Posted by: meikah | 22 December 2005 | 10:40 am

Marketing today has gone really aggressive. And one of the strategies the industry is adopting the Six Sigma methodology in its operations and logistics.

In the past, finance organizations had been expected to drive results. Marketing has always been viewed just as an important ingredient but not a critical one to achieving profitability. Recently, however, demand for accountability has been the focus of many organizations. BusinessWeek, for example, reported that companies in every segment of American business [are] obsessed with honing the science of measuring marketing performance. And according to Professor Phil Kotler of Northwestern’s Kellogg School, 90% of CMOs surveyed consider marketing performance measurement a significant priority. An Association of National Advertisers survey in 2004 showed that measuring marketing effectiveness was the second most important priority of its members, falling just behind building and maintaining their brands.

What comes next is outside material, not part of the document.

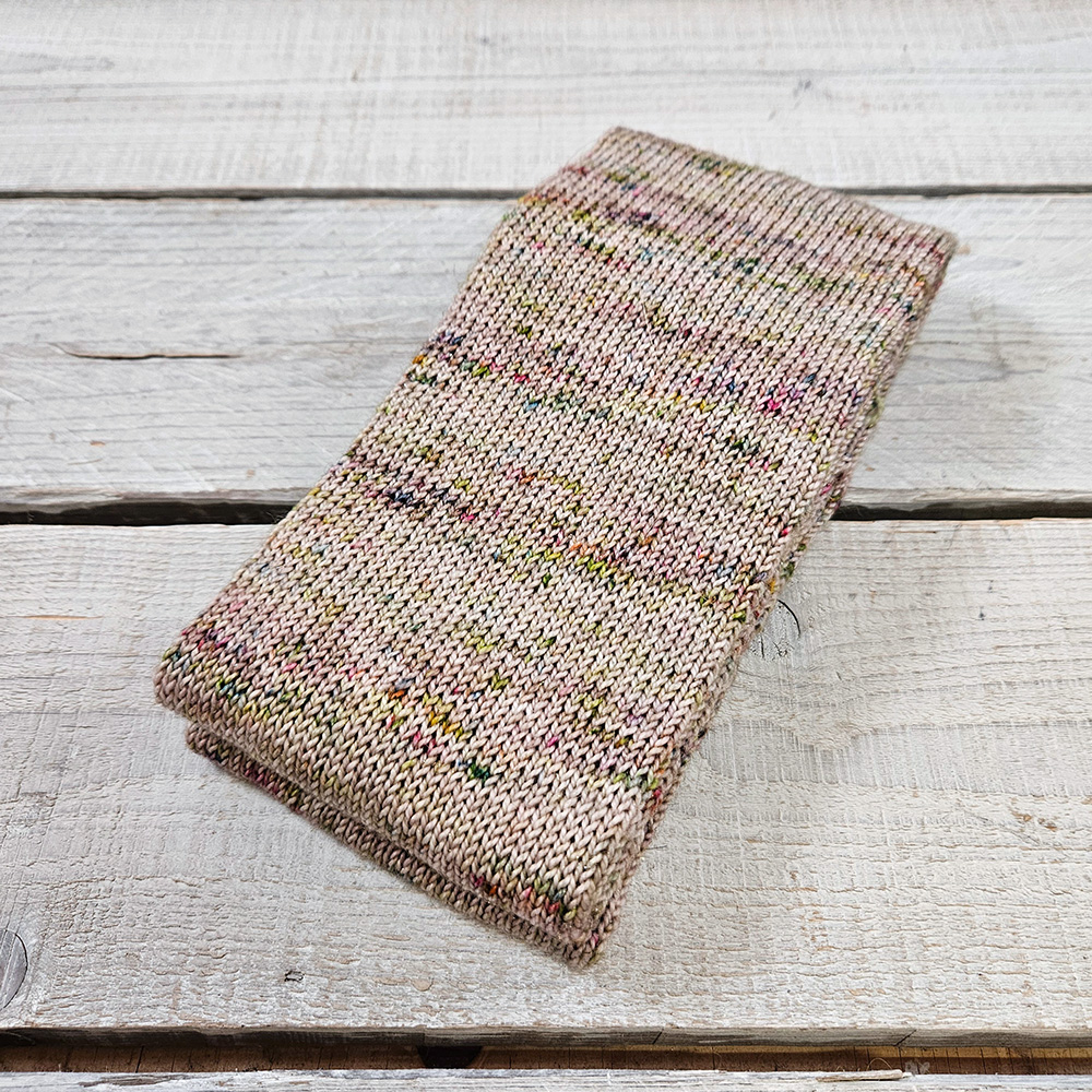 Þetta er sokkasnákur sem hægt er að búa til sokka úr, sem dæmi, með því að prjóna við hann stroff, hæl og tá. Snákurinn er prjónaður úr handlituðu garni á handknúna sokkaprjónavél hér hjá Vatnsnes Yarn. Leiðbeiningar með hvernig má setja hæl í svona sokkasnák má finna hér.

This critical look at marketing led organizations to turn to Six Sigma. They are struck by the Six Sigma principle, which is grounded on careful measurement and scientific data analysis to determine why a process is not working as well as it should and the meticulously-managed steps, guided by the data, to fix the problem permanently. They further believe that…

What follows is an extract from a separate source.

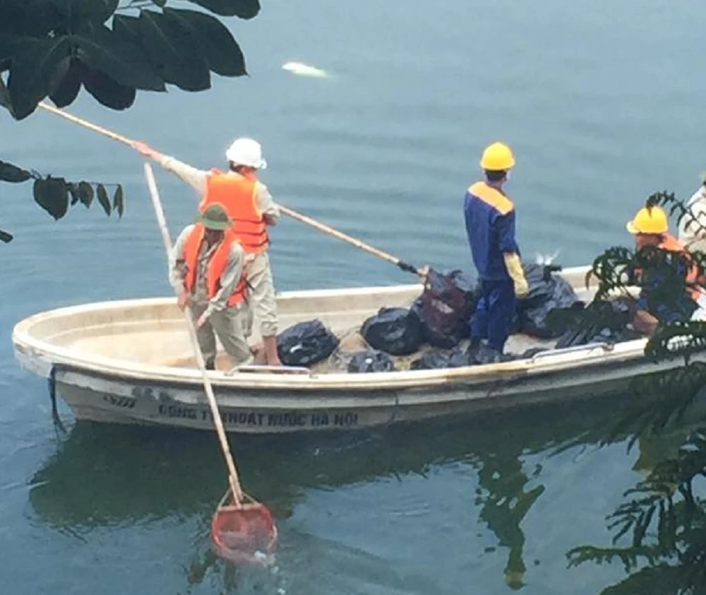 Nhận được thông tin, các công nhân của Công ty thoát nước Hà Nội cùng 4 ca nô đã có mặt để vớt cá chết. Số cá bị chết chủ yếu là cá chép, cá trôi..., nặng từ 1 đến 3kg/con.

Six Sigma marketing is a call to abide by this code of conduct and develop and launch extraordinary marketing programs that deliver performance well above the disappointing average most programs return these days. A Six Sigma approach to developing the components of marketing strategy, most importantly targeting and positioning, will have a transformational effect on performance.

For marketing to go into a Six Sigma deployment, it needs to perform the following:

Targeting: Consider all possible market drivers: category involvement; buyer motivations; media habits; sociographics, psychographics; lifestyles; lifestage; attitudes; values; database variables; and more. Test all the potential variables to determine which ones are related to current and potential profitability to determine a customer’s (whether an individual or a company) economic value in the market place using several proxies for profitability, such as decision making power, openness to your brand, personal influence, cost to reach and impact, and, importantly, price insensitivity. Finally, take the 10 to 25 most predictive variables to create segments and pick your target.

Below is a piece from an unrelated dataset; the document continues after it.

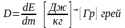 D – поглощенная доза. DE – энергия, сообщенная ионизирующим излучением веществу массой dm.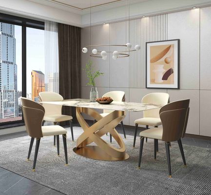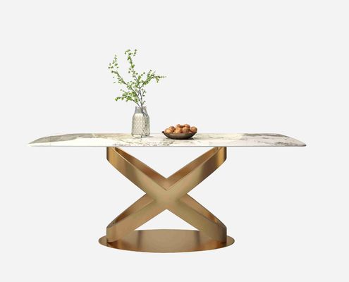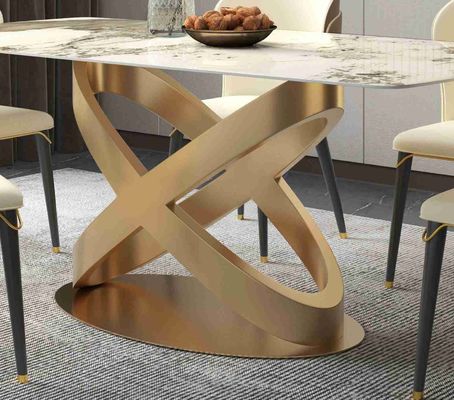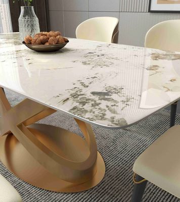 Moderne Witte Rechthoekige Steeneettafel met de Nieuwe Voetstukken van het Ontwerpbrons

Positioning: Great positionings, like great products, are often addressed to buyer problems. The bigger the problem your brand can solve for the optimal target—not everyone and anyone, but the specific group of people you’ve determined will be the most profitable—the bigger the market response.

Consider that the typical advertising campaign with average targeting and positioning and its effects on new product market share. For the standard new consumer packaged good, about 2000 GRPs will earn you just short of an 8% share. Meanwhile, a campaign with even just Three Sigma targeting and positioning will earn the same share with a mere 850 GRPs. Two thousand prime time GRPs cost $27 million, while 850 GRPs cost about $12 million. A Three Sigma campaign saves you 55% of your original investment! Add to this that, once you have a Six Sigma targeting and positioning in hand, all the other strategic decisions—product/service configuration, advertising creative, media, customer service—fall into place, saving even more.

With Six Sigma, your brand marketing will definitely take the successful path.